Black holes: accretion processes in X-ray binaries

TL;DR

This review discusses the astrophysical processes of black hole accretion, especially in X-ray binary systems, covering theoretical models, observational signatures, and their significance in high-energy astrophysics.

Contribution

It provides a comprehensive overview of black hole accretion mechanisms, models, and observational features specific to X-ray binaries, integrating recent developments.

Findings

Different accretion models explained, from thin disks to advective flows.

Observational signatures like spectral states and variability are detailed.

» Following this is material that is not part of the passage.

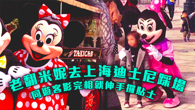 睇真啲~點解米妮好似唔同咗樣咁嘅?原來呢隻咁貪錢嘅米妮笨唔係堅.米妮,佢係由強國人強行扮嘅米妮老翻嚟咋!之不過因為呢隻米妮老翻身處嘅位置屬於免費開放畀公眾嘅area,所以迪士尼先吹佢唔漲咋嘛。嗚哇!喺淘寶買套米妮衫就可以商機無限,諗呢條橋出嚟嗰個真係天才呀!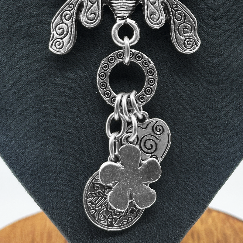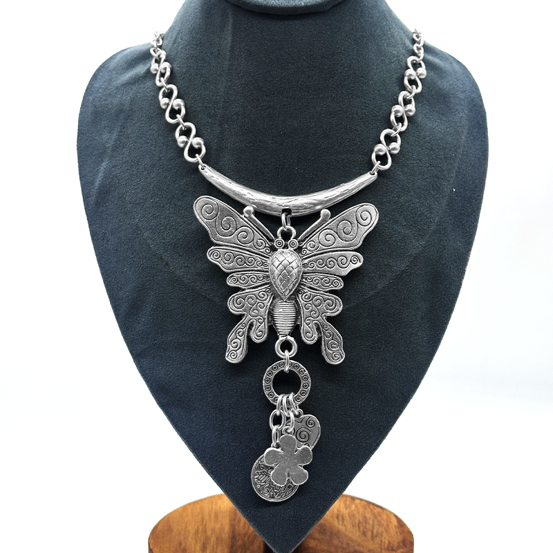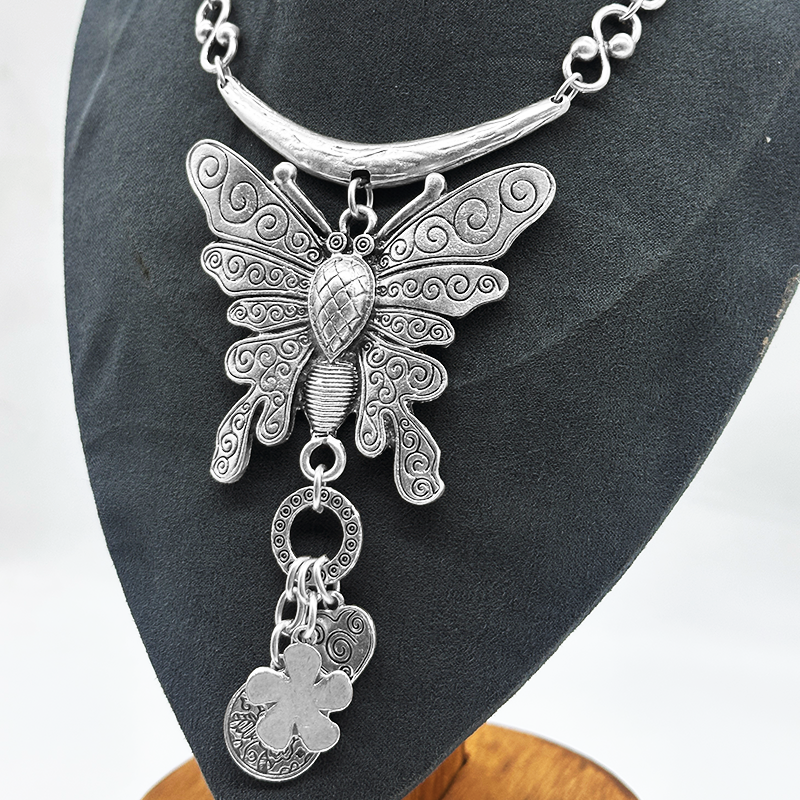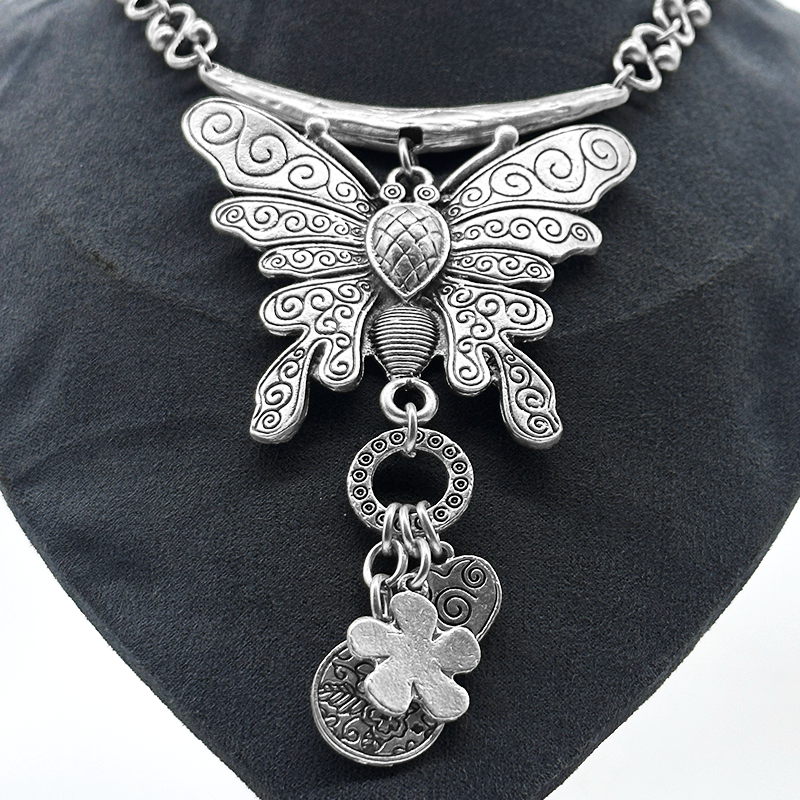 El dije de mariposa mide10 cm de largo y 7.5 cm de ancho

Black hole accretion processes are key to understanding luminous cosmic phenomena.

Abstract

Accretion onto black holes is one of the most efficient energy source in the Universe. Black hole accretion powers some of the most luminous objects in the universe, including quasars, active galactic nuclei, tidal disruption events, gamma-ray bursts, and black hole X-ray transients. In the present review, we give an astrophysical overview of black hole accretion processes, with a particular focus on black hole X-ray binary systems. In Section 1, we briefly introduce the basic paradigms of black hole accretion. Physics related to accretion onto black holes are introduced in Section 2. Models proposed for black hole accretion are discussed in this section, from the Shakura-Sunyaev thin disk accretion to the advective-dominated accretion flow. Observational signatures that make contact to stellar-mass black hole accretion are introduced in Section 3, including the spectral and fast variability properties. A short conclusion is given in Section 4.